Brief
Leave the images out. Give every line below again, precisely.

Recorded information
· · · · · · ·
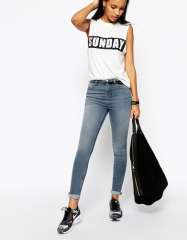 高品质时尚软翻领紧身女人牛仔裤
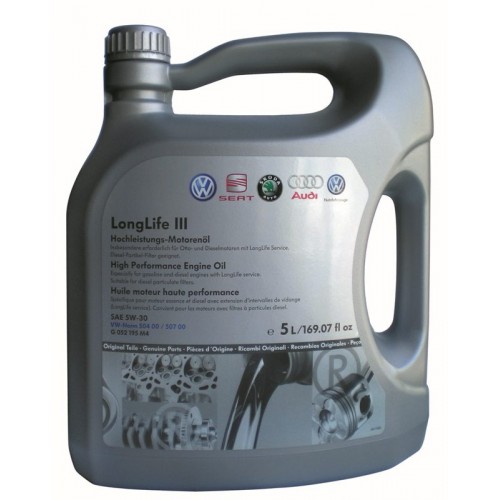 W Longlife III SAE 5w-30 - Высококачественное моторное масло с высокими эксплуатационными характеристиками, разработано специально для применения в современных бензиновых и дизельных двигателях автомобилей VW, Audi, Skoda, SEAT, в том числе оборудованных фильтрами твердых частиц (DPF), в которые производителем автомобиля указано заливать масло с вязкостью по SAE 5w-30 соответствующее спецификации VW-norm 504 00/507 00. Может применяться в удлиненном интервале замены моторного масла. Защитит от износа и предотвратит коррозию. Способствует снижению потребления топлива.
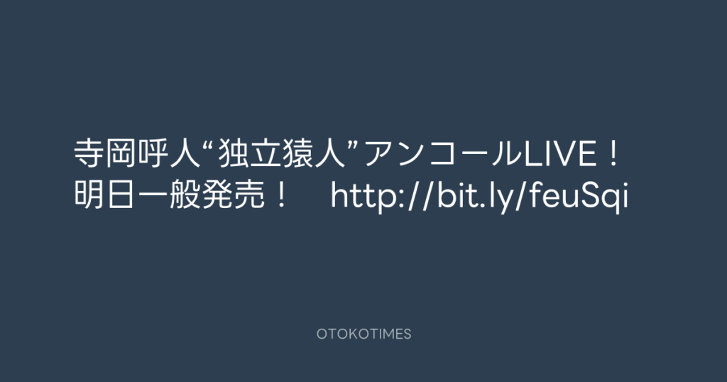 寺岡呼人“独立猿人”アンコールLIVE!明日一般発売! http://bit.ly/feuSqi -
· · · · · · ·
Solution for this problem
 高品质时尚软翻领紧身女人牛仔裤
 W Longlife III SAE 5w-30 - Высококачественное моторное масло с высокими эксплуатационными характеристиками, разработано специально для применения в современных бензиновых и дизельных двигателях автомобилей VW, Audi, Skoda, SEAT, в том числе оборудованных фильтрами твердых частиц (DPF), в которые производителем автомобиля указано заливать масло с вязкостью по SAE 5w-30 соответствующее спецификации VW-norm 504 00/507 00. Может применяться в удлиненном интервале замены моторного масла. Защитит от износа и предотвратит коррозию. Способствует снижению потребления топлива.
 寺岡呼人“独立猿人”アンコールLIVE!明日一般発売! http://bit.ly/feuSqi -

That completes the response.